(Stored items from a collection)
>>>>
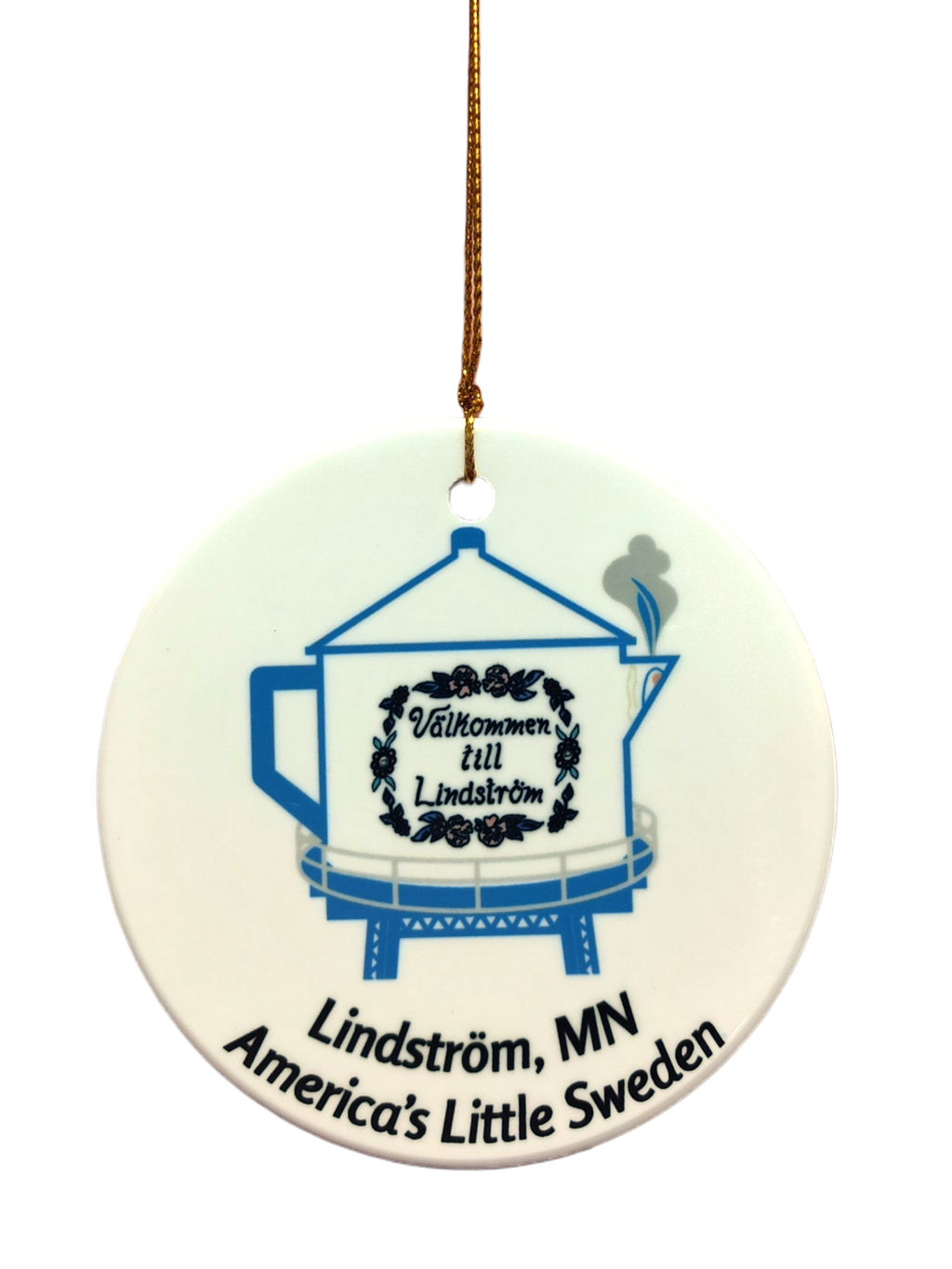 This white ceramic circle ornament features a illustration of the iconic teapot-shaped water tower adorned with cheerful floral accents. Centered on the tower is the phrase “Välkommen till Lindström,” welcoming viewers to the heart of Minnesota’s “Little Sweden.” Beneath the water tower, the text reads “Lindström, MN – America’s Little Sweden,” celebrating the town’s rich Scandinavian heritage. Clean, bright, and full of local pride, this ornament makes a meaningful keepsake for residents, visitors, and anyone who holds Lindström close to their heart.
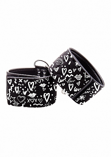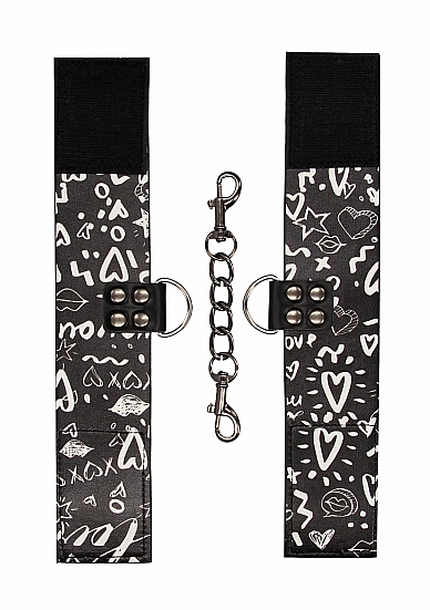 ELEGANCKIE KAJDANKI NA RĘCE - PRINTED HAND CUFFS - LOVE STREET ART FASION - BLACK
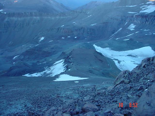 LLegamos hasta la parte superior del acarreo. Ya amaneció y hace mucho frio.
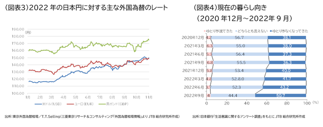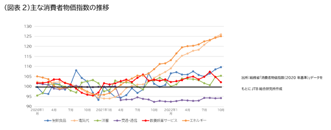 コロナ禍における旅行をとりまく経済環境や生活者意識は、ここにきて大きく変わりつつある。2020年に新型コロナが世界的に広がってしばらくは、行動制限の要請により外出や飲食に関連する消費が減少、その結果可処分所得が増加となり、それに伴うアフターコロナにおける旅行のリベンジ消費への期待が高まっていた。
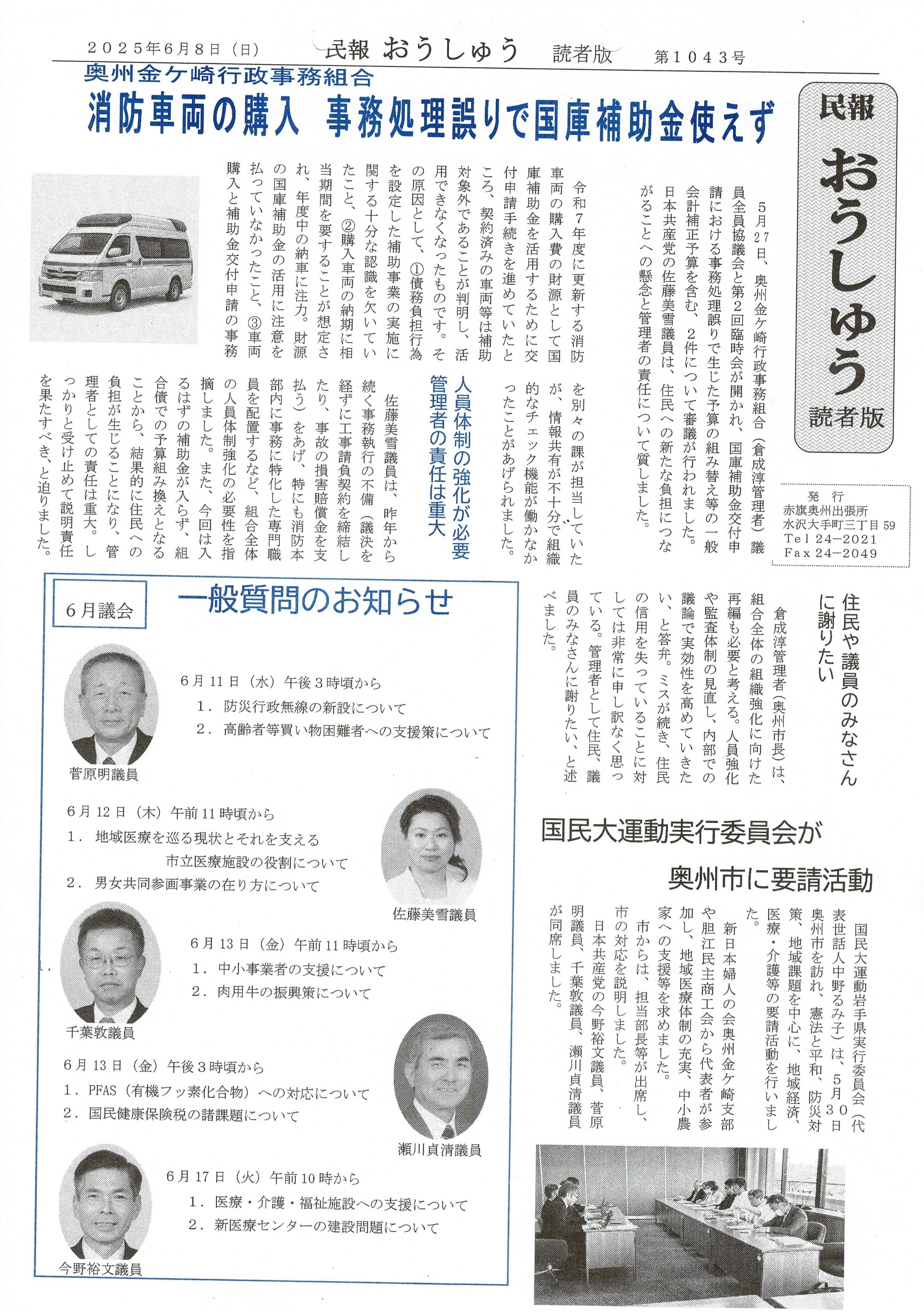 「民報おうしゅう第1043号」はこちら
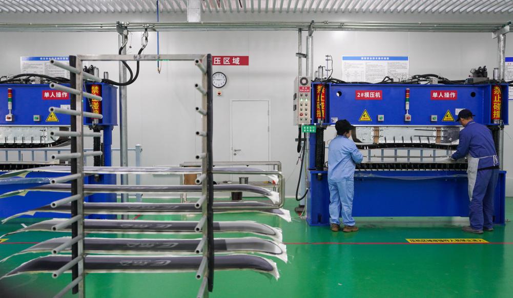 4日、吉林省吉林市の繊維メーカー、吉林国興複合材料の工場で、プレス成形機で炭素繊維製スノーボードを製造する従業員。(吉林=新華社記者/顔麟蘊)
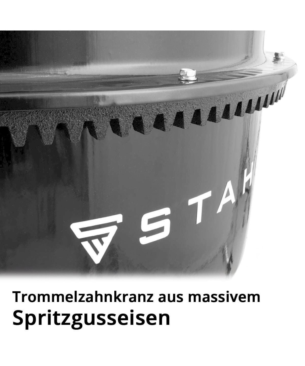 La puissante bétonnière STAHLWERK convient au malaxage professionnel de différents matériaux de construction. Un moteur puissant de 600 watts à forte puissance de traction mélange de manière fiable tous les types de matériaux de construction en poudre et liquides tels que le béton, le ciment, le mortier, la chape, le plâtre et autres produits de mélange à une vitesse de rotation de 27 tr/min. Le grand tambour pivotant à 360 degrés, d'une capacité de 140 litres, assure une répartition uniforme des matériaux à mélanger. Une roue basculante pratique et une pédale intégrée permettent de bloquer facilement le tambour dans la position souhaitée. La couronne du tambour de haute qualité est fabriquée en fonte injectée massive et est entraînée par une roue dentée métallique. Le châssis en acier résistant à la torsion et au basculement confère à la bétonnière une grande stabilité. L'utilisation de composants de haute qualité garantit une durée de vie élevée et une longue durée de vie. Grâce à ses pneus robustes en caoutchouc au profil antidérapant et à ses dimensions compactes, le malaxeur à ciment est facile à transporter. Le malaxeur à mortier est idéal pour une utilisation professionnelle sur les chantiers ainsi que pour le bricolage et le jardinage.
<<<<
* What is required
In your copy, repeat each record exactly and include no pictures.

* Output of the task
 This white ceramic circle ornament features a illustration of the iconic teapot-shaped water tower adorned with cheerful floral accents. Centered on the tower is the phrase “Välkommen till Lindström,” welcoming viewers to the heart of Minnesota’s “Little Sweden.” Beneath the water tower, the text reads “Lindström, MN – America’s Little Sweden,” celebrating the town’s rich Scandinavian heritage. Clean, bright, and full of local pride, this ornament makes a meaningful keepsake for residents, visitors, and anyone who holds Lindström close to their heart.
 ELEGANCKIE KAJDANKI NA RĘCE - PRINTED HAND CUFFS - LOVE STREET ART FASION - BLACK
 LLegamos hasta la parte superior del acarreo. Ya amaneció y hace mucho frio.
 コロナ禍における旅行をとりまく経済環境や生活者意識は、ここにきて大きく変わりつつある。2020年に新型コロナが世界的に広がってしばらくは、行動制限の要請により外出や飲食に関連する消費が減少、その結果可処分所得が増加となり、それに伴うアフターコロナにおける旅行のリベンジ消費への期待が高まっていた。
 「民報おうしゅう第1043号」はこちら
 4日、吉林省吉林市の繊維メーカー、吉林国興複合材料の工場で、プレス成形機で炭素繊維製スノーボードを製造する従業員。(吉林=新華社記者/顔麟蘊)
 La puissante bétonnière STAHLWERK convient au malaxage professionnel de différents matériaux de construction. Un moteur puissant de 600 watts à forte puissance de traction mélange de manière fiable tous les types de matériaux de construction en poudre et liquides tels que le béton, le ciment, le mortier, la chape, le plâtre et autres produits de mélange à une vitesse de rotation de 27 tr/min. Le grand tambour pivotant à 360 degrés, d'une capacité de 140 litres, assure une répartition uniforme des matériaux à mélanger. Une roue basculante pratique et une pédale intégrée permettent de bloquer facilement le tambour dans la position souhaitée. La couronne du tambour de haute qualité est fabriquée en fonte injectée massive et est entraînée par une roue dentée métallique. Le châssis en acier résistant à la torsion et au basculement confère à la bétonnière une grande stabilité. L'utilisation de composants de haute qualité garantit une durée de vie élevée et une longue durée de vie. Grâce à ses pneus robustes en caoutchouc au profil antidérapant et à ses dimensions compactes, le malaxeur à ciment est facile à transporter. Le malaxeur à mortier est idéal pour une utilisation professionnelle sur les chantiers ainsi que pour le bricolage et le jardinage.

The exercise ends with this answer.